TRY IT: Without the pictures, retype each line below exactly as it stands.
[RECORDS TO PROCESS Boundary: Start]
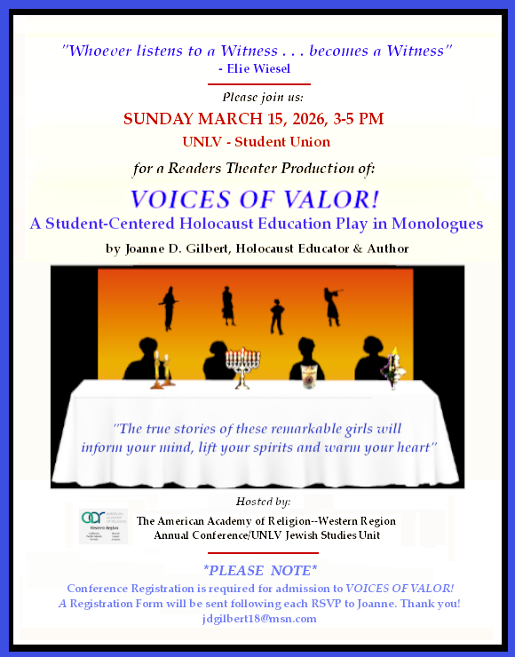 Joanne D. Gilbert, M. Ed, is an award-winning Author, popular Public-Speaker, sought-after Holocaust Educator, and Playwright. As a post-WWII Baby Boomer, Joanne grew up in the predominantly Jewish suburb of Oak Park, Michigan, where many of the residents were Holocaust Survivors who had recently immigrated from war-torn Europe. Their powerful and poignant stories, along with those of her beloved Grandmother, Millie Wineman Ron, inspired Joanne to embark on a journey to find and celebrate women who had successfully defied the Nazis.
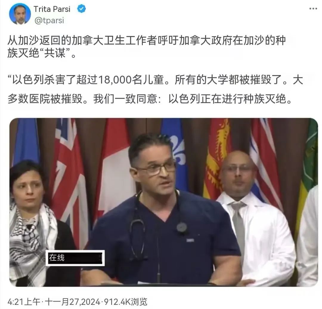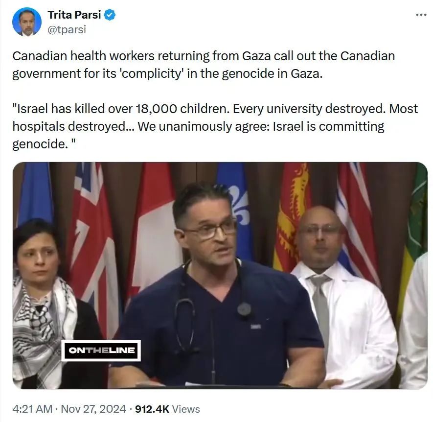 从加沙返回的加拿大卫生工作者宣称,加拿大政府是加沙种族灭绝的“共谋”。其称:“以色列杀害了超过18000名儿童。所有的大学都被摧毁了。大多数医院被摧毁。我们一致同意:以色列正在进行种族灭绝。”
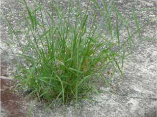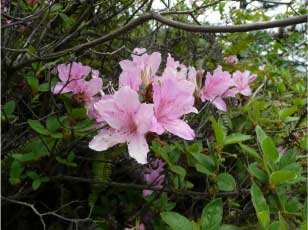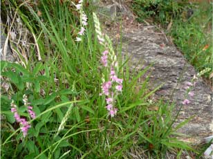 行場から上は、岩稜帯が山頂まで続いている。行場を上がったところに小さな池があり、山頂近くなのに水が湧出でていて、金魚が泳いでいた。池の周りにはネジリグサが花を添えていた。
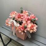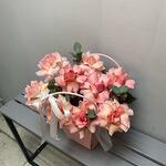 Композиция «Розовый шарм» 🌸🎀 Элегантное сочетание 9 нежно-розовых роз и свежего эвкалипта создаёт атмосферу утончённости и лёгкости. 💕✨ Композиция оформлена в стильную нежно-розовую сумочку, что делает её не только красивым, но и удобным подарком. Благодаря флористической губке, цветы сохраняют свежесть и радуют получателя как можно дольше. 🌿💖 💐 Идеальный выбор для тех, кому хочется подарить немного нежности и тепла! 💞
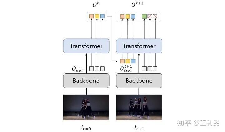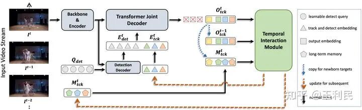 对于每一帧的处理可以视作一个独立的 DETR(图中 Transformer 部分)。对于视频第一帧, 由于不存在已经跟踪的目标, 因此仅仅输入可学习的 detect query , 对输出的内容通过分类阈值进行篮选,超过阈值的输出向量会被保留下来,记作 ; 而后经过一些后续处理(例如 MOTR 中的 QIM),转化成为输入到下一帧同样的 DETR 结构中的 track query, 记作 ; 随后, 将其和每一帧共用的 detect query 一起输入到 DETR Decoder 中进行逐层处理, 最终输出对应的向量:每一个 track query 所对应的目标自然继承来自上一帧的 ID 信息, 而 对应的目标再次经过阈值篮选,用于检测新生目标(newborn object),并且将其添加到已跟踪的目标列表中, 如此往复。
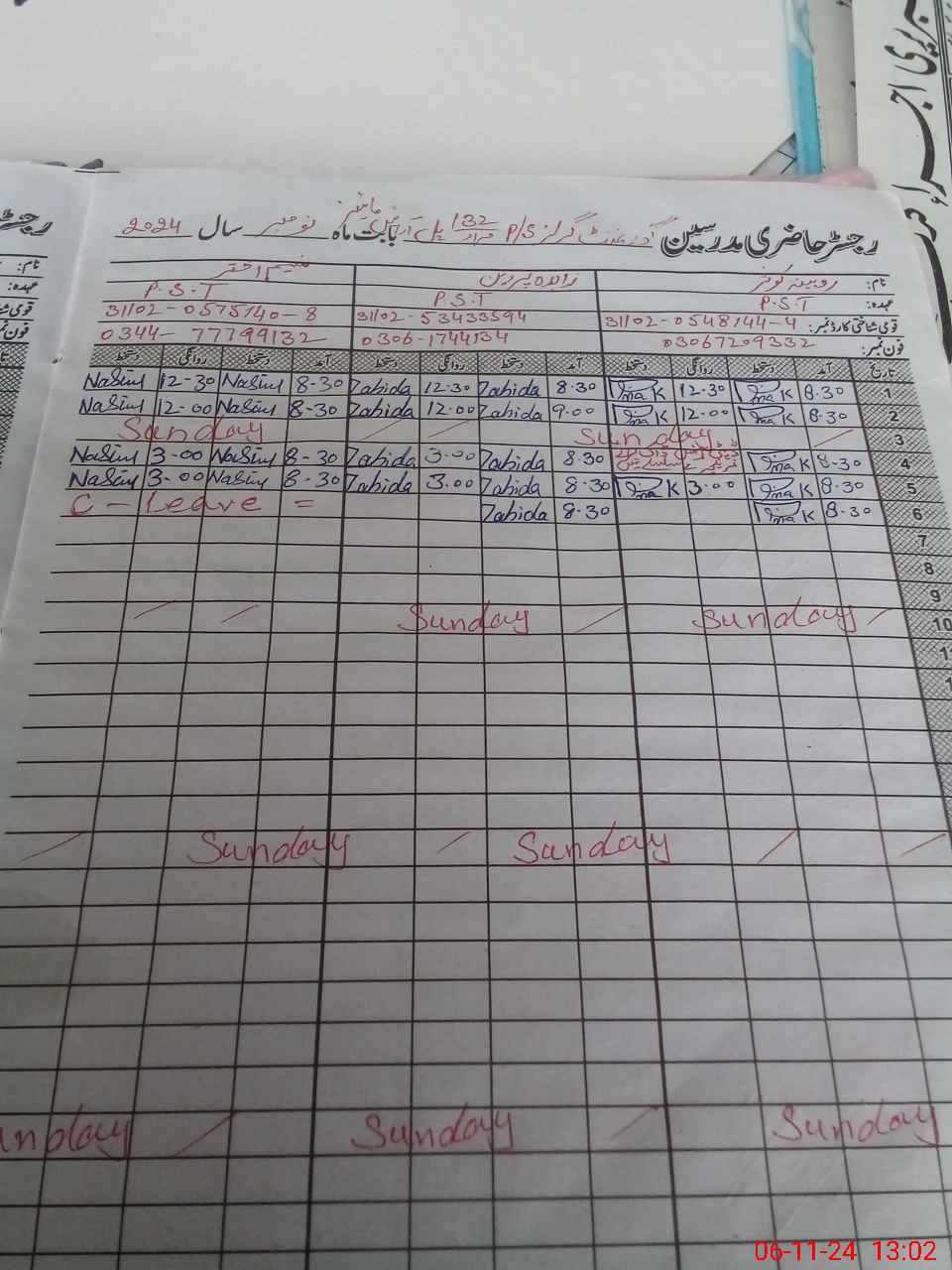 | CNIC | Full Name | Designation | R/C | Absence During Last Calender Month |
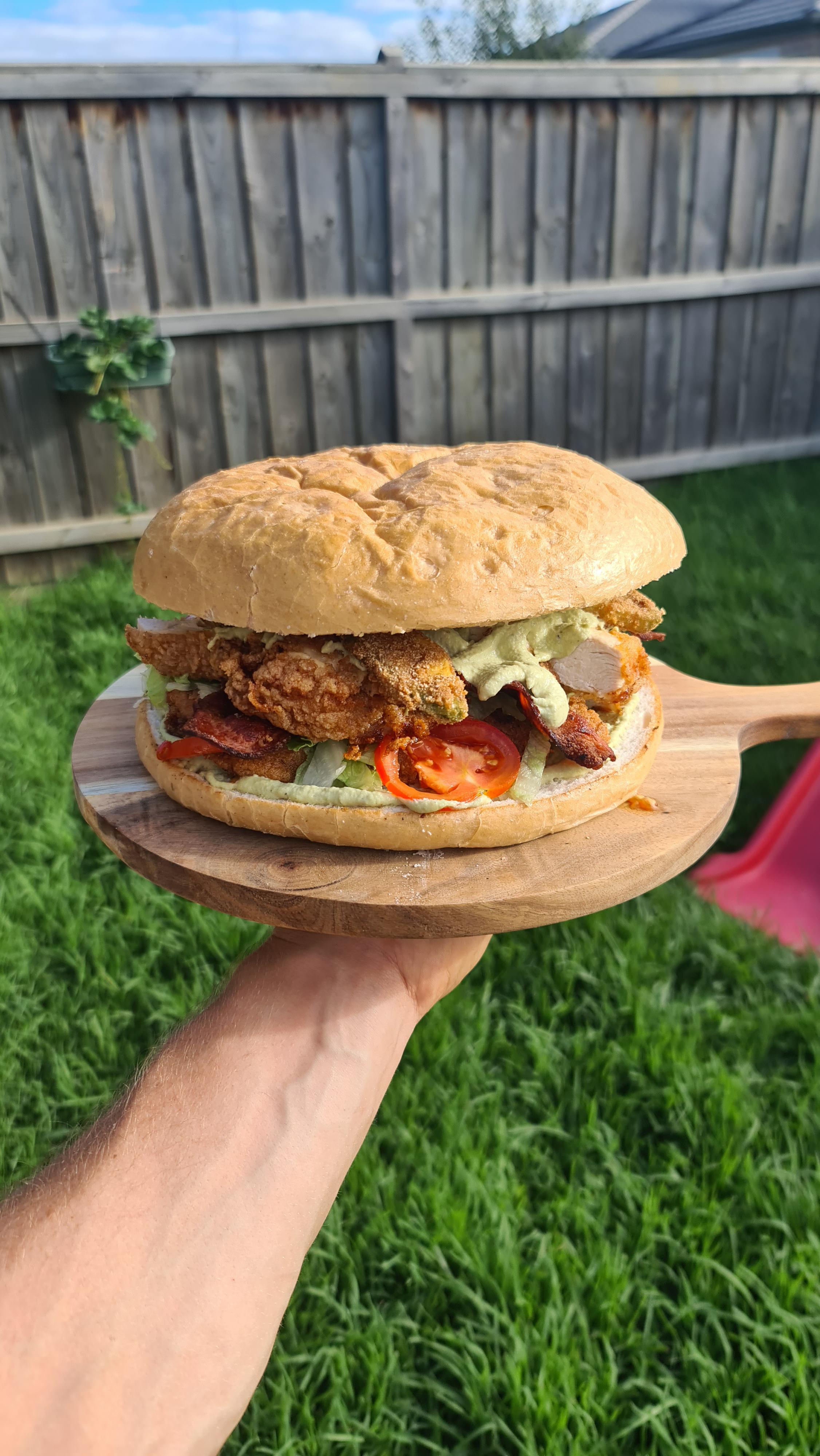12″ double fried chicken and bacon burger with avocado fries and jalapeño cashew cream sauce. Video and much more on IG: healthyheartattack by DiGiTizm Culinary Culinary Porn
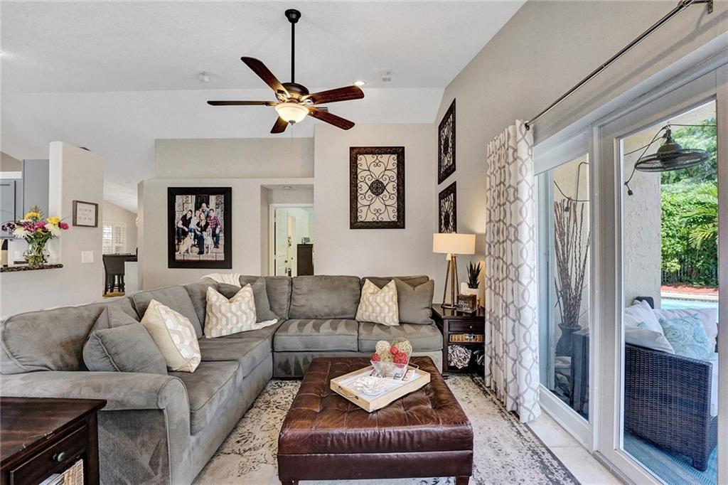 This stunning single story 3 Br 2 bath home nestled in the highly desirable quiet gated community of Coral Shores in Harmony Lakes has soaring vaulted ceilings with a wonderful open floor plan. Both kitchen & baths are newly updated with coordinating granite countertops and stainless steel appliances. Work or play by your relaxing saltwater pool. Owners just added a new a/c , water heater & pool pump. Neutral tile floors throughout the living areas with wood laminate in the bedrooms make this home move in ready. Close to the Sawgrass expressway with shops and restaurants within walking distance. Nice size home for a new family or empty nesters. A+ school district! Masks required please.
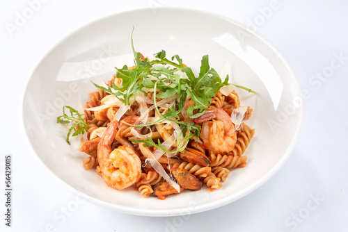 arugula, herb, cheese, cooked, creamy, cookery, delicious, dinner, fettuccine, food, garlic, epicure, healthy, italian, lunch, meal, mediterranean, noodle, parsley, pasta, plate, prawn, prepared, eatery, sauce, seafood, shrimp, spaghetti, tasty
[RECORDS TO PROCESS Boundary: End]
SOLUTION TO THIS TASK:
 Joanne D. Gilbert, M. Ed, is an award-winning Author, popular Public-Speaker, sought-after Holocaust Educator, and Playwright. As a post-WWII Baby Boomer, Joanne grew up in the predominantly Jewish suburb of Oak Park, Michigan, where many of the residents were Holocaust Survivors who had recently immigrated from war-torn Europe. Their powerful and poignant stories, along with those of her beloved Grandmother, Millie Wineman Ron, inspired Joanne to embark on a journey to find and celebrate women who had successfully defied the Nazis.
 从加沙返回的加拿大卫生工作者宣称,加拿大政府是加沙种族灭绝的“共谋”。其称:“以色列杀害了超过18000名儿童。所有的大学都被摧毁了。大多数医院被摧毁。我们一致同意:以色列正在进行种族灭绝。”
 行場から上は、岩稜帯が山頂まで続いている。行場を上がったところに小さな池があり、山頂近くなのに水が湧出でていて、金魚が泳いでいた。池の周りにはネジリグサが花を添えていた。
 Композиция «Розовый шарм» 🌸🎀 Элегантное сочетание 9 нежно-розовых роз и свежего эвкалипта создаёт атмосферу утончённости и лёгкости. 💕✨ Композиция оформлена в стильную нежно-розовую сумочку, что делает её не только красивым, но и удобным подарком. Благодаря флористической губке, цветы сохраняют свежесть и радуют получателя как можно дольше. 🌿💖 💐 Идеальный выбор для тех, кому хочется подарить немного нежности и тепла! 💞
 对于每一帧的处理可以视作一个独立的 DETR(图中 Transformer 部分)。对于视频第一帧, 由于不存在已经跟踪的目标, 因此仅仅输入可学习的 detect query , 对输出的内容通过分类阈值进行篮选,超过阈值的输出向量会被保留下来,记作 ; 而后经过一些后续处理(例如 MOTR 中的 QIM),转化成为输入到下一帧同样的 DETR 结构中的 track query, 记作 ; 随后, 将其和每一帧共用的 detect query 一起输入到 DETR Decoder 中进行逐层处理, 最终输出对应的向量:每一个 track query 所对应的目标自然继承来自上一帧的 ID 信息, 而 对应的目标再次经过阈值篮选,用于检测新生目标(newborn object),并且将其添加到已跟踪的目标列表中, 如此往复。
 | CNIC | Full Name | Designation | R/C | Absence During Last Calender Month |
12″ double fried chicken and bacon burger with avocado fries and jalapeño cashew cream sauce. Video and much more on IG: healthyheartattack by DiGiTizm Culinary Culinary Porn
 This stunning single story 3 Br 2 bath home nestled in the highly desirable quiet gated community of Coral Shores in Harmony Lakes has soaring vaulted ceilings with a wonderful open floor plan. Both kitchen & baths are newly updated with coordinating granite countertops and stainless steel appliances. Work or play by your relaxing saltwater pool. Owners just added a new a/c , water heater & pool pump. Neutral tile floors throughout the living areas with wood laminate in the bedrooms make this home move in ready. Close to the Sawgrass expressway with shops and restaurants within walking distance. Nice size home for a new family or empty nesters. A+ school district! Masks required please.
 arugula, herb, cheese, cooked, creamy, cookery, delicious, dinner, fettuccine, food, garlic, epicure, healthy, italian, lunch, meal, mediterranean, noodle, parsley, pasta, plate, prawn, prepared, eatery, sauce, seafood, shrimp, spaghetti, tasty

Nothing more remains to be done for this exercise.